The \(\left[\mathrm{Co}(\mathrm{en})_{3}\right]^{3+}\) ion has a maximum absorption at \(470 \mathrm{~nm}\). What color do you expect for this ion?

The \(\left[\mathrm{Co}\left(\mathrm{NH}_{3}\right)_{6}\right]^{3+}\) ion has a yellow color, but when one \(\mathrm{NH}_{3}\) ligand is replaced by \(\mathrm{H}_{2} \mathrm{O}\) to give \(\left[\mathrm{Co}\left(\mathrm{NH}_{3}\right)_{5}\left(\mathrm{H}_{2} \mathrm{O}\right)\right]^{3+}\) the color shifts to red. Is this shift in the expected direction? Explain.

The \(\left[\mathrm{Co}(\mathrm{en})_{3}\right]^{3+}\) ion has a yellow color, but the \(\left[\mathrm{CoF}_{6}\right]^{3-}\) ion has a blue color. Is the shift from yellow to blue expected when ethylenediamine ligands are replaced by \(\mathrm{F}^{-}\) ligands? Explain.

What is the value of \(\Delta\) (in \(\mathrm{kJ} / \mathrm{mol}\) ) when \(\lambda=500 \mathrm{~nm}\), corresponding to an electron jump between \(d\) -orbital levels in a complex with \(d^{1}\) configuration?

What is the value of \(\Delta\) (in \(\mathrm{kJ} / \mathrm{mol}\) ) when \(\lambda=680 \mathrm{~nm}\), corresponding to an electron jump between \(d\) -orbital levels in a complex with \(d^{1}\) configuration?

The hexaaquascandium(III) ion, \(\left[\mathrm{Sc}\left(\mathrm{H}_{2} \mathrm{O}\right)_{6}\right]^{3+}\), is colorless. Explain why this might be expected.

The tetraaquazinc(II) ion, \(\left[\mathrm{Zn}\left(\mathrm{H}_{2} \mathrm{O}\right)_{4}\right]^{2+}\), is colorless. Explain why this might be expected.

There are only two geometric isomers of the triamminetrichloroplatinum(IV) ion, \(\left[\mathrm{Pt}\left(\mathrm{NH}_{3}\right)_{2} \mathrm{Cl}_{3}\right]^{+}\). How many geometric isomers would be expected for this ion if it had a regular planar hexagonal geometry? Give drawings for them. Does this rule out a planar hexagonal geometry for \(\left[\mathrm{Pt}\left(\mathrm{NH}_{3}\right)_{2} \mathrm{Cl}_{4}\right]^{+} ?\) Explain.

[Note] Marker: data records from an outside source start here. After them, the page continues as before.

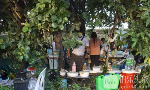 大量家庭背着帐篷、食物、鸡蛋、锅碗瓢盆,有的甚至带着柴油发电机,明显准备在这儿“住下三天”。沿路更是摊贩成排,从炸鱼丸、炸鸡肉到烤鱼干、榨汁、糯米糕,一应俱全,活脱脱变成了一个巨型夜市。
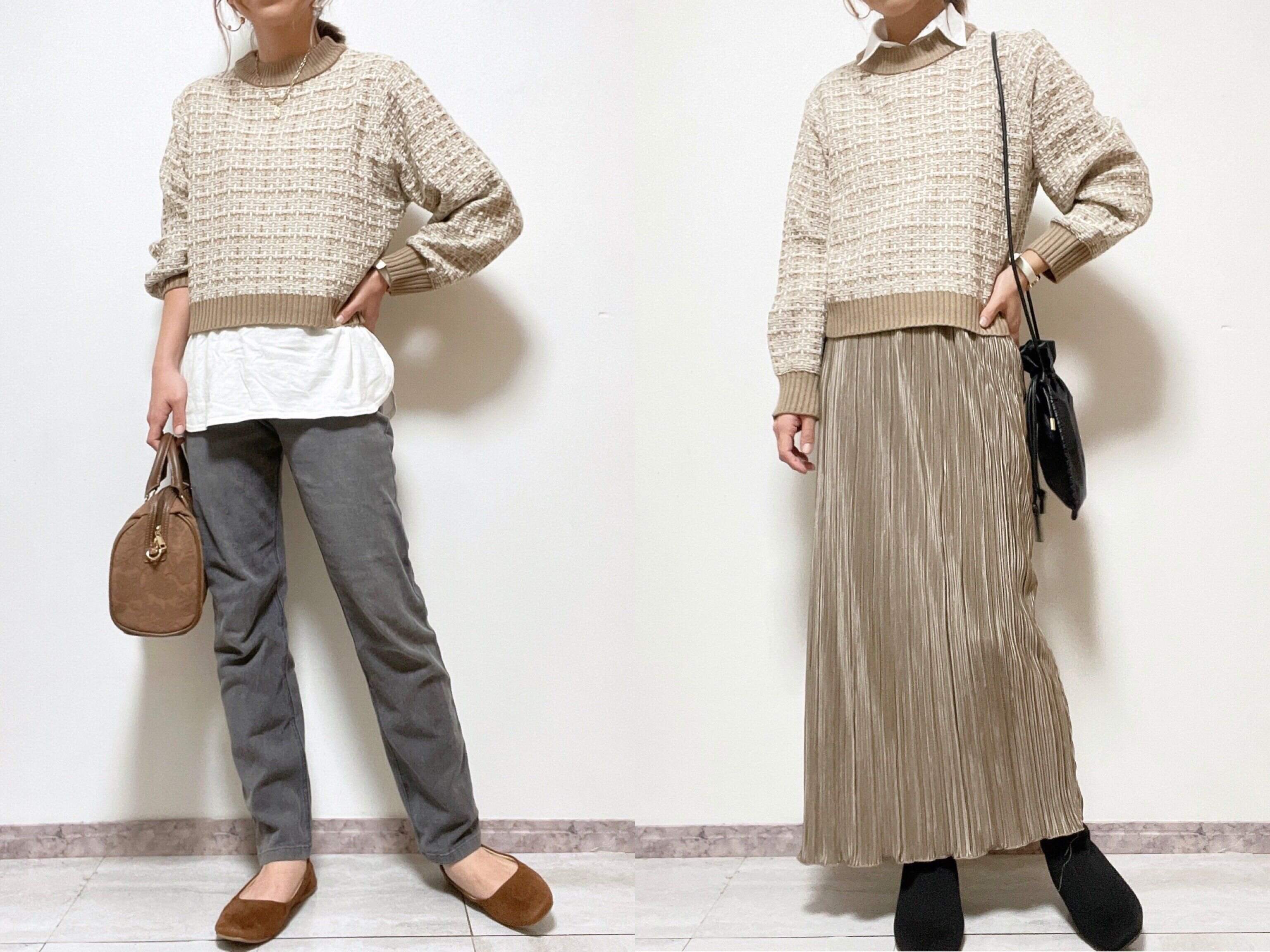 ニットアイテムと一言で言ってもさまざまなデザインがあり、秋冬には欠かせないアイテムですよね。1枚でもかわいく着られますし、合わせるものによって雰囲気がガラリと変わるのも面白くて魅力的です。
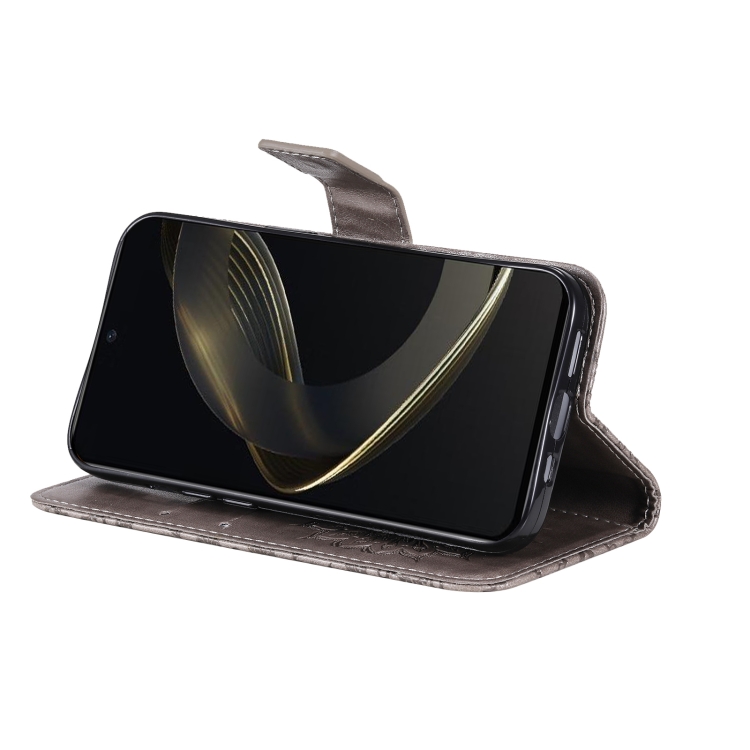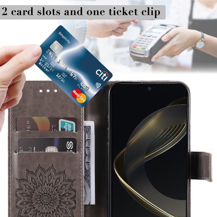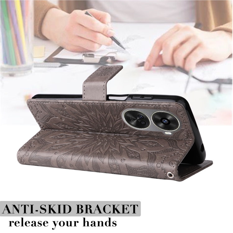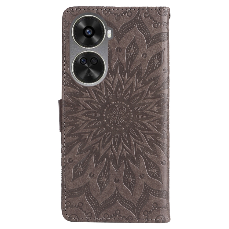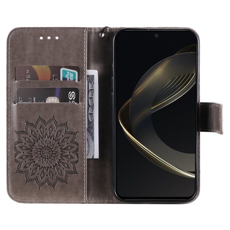 - 1x Funda para Huawei Nova 12 Se y Nova 11 Se de Cuero con Tapa y Patrón de Girasol en Relieve (Gris)

Find the concentrations of \(\mathrm{Ag}^{+}(a q), \mathrm{NH}_{3}(a q)\), and \(\left[\mathrm{Ag}\left(\mathrm{NH}_{3}\right)_{2}\right]^{+}(a q)\) at equilibrium when \(0.10 \mathrm{~mol} \mathrm{Ag}^{+}(a q)\) and \(0.10 \mathrm{~mol} \mathrm{NH}_{3}(a q)\) are made up to \(1.00 \mathrm{~L}\) of solution. The dissociation constant, \(K_{d}\), for the complex \(\left[\mathrm{Ag}\left(\mathrm{NH}_{3}\right)_{2}\right]^{+}\) is \(5.9 \times 10^{-8}\).

Describe the functions of hemoglobin and myoglobin in the body. What is similar and what is different about the two functions?

Describe the mechanism of the cooperative release of oxygen from oxyhemoglobin.

Consider the complex ion \(\left[\mathrm{CoCO}_{3}\left(\mathrm{NH}_{3}\right)_{4}\right]^{+}\), where the \(\mathrm{CO}_{3}^{2-}\) is a bidentate ligand. a. Is this complex ion octahedral or square planar? b. What is the oxidation state of the cobalt?

Does the complex ion \(\left[\mathrm{Co}(\mathrm{en})_{2} \mathrm{Cl}_{2}\right]^{+}\) have cis-trans geometric isomers?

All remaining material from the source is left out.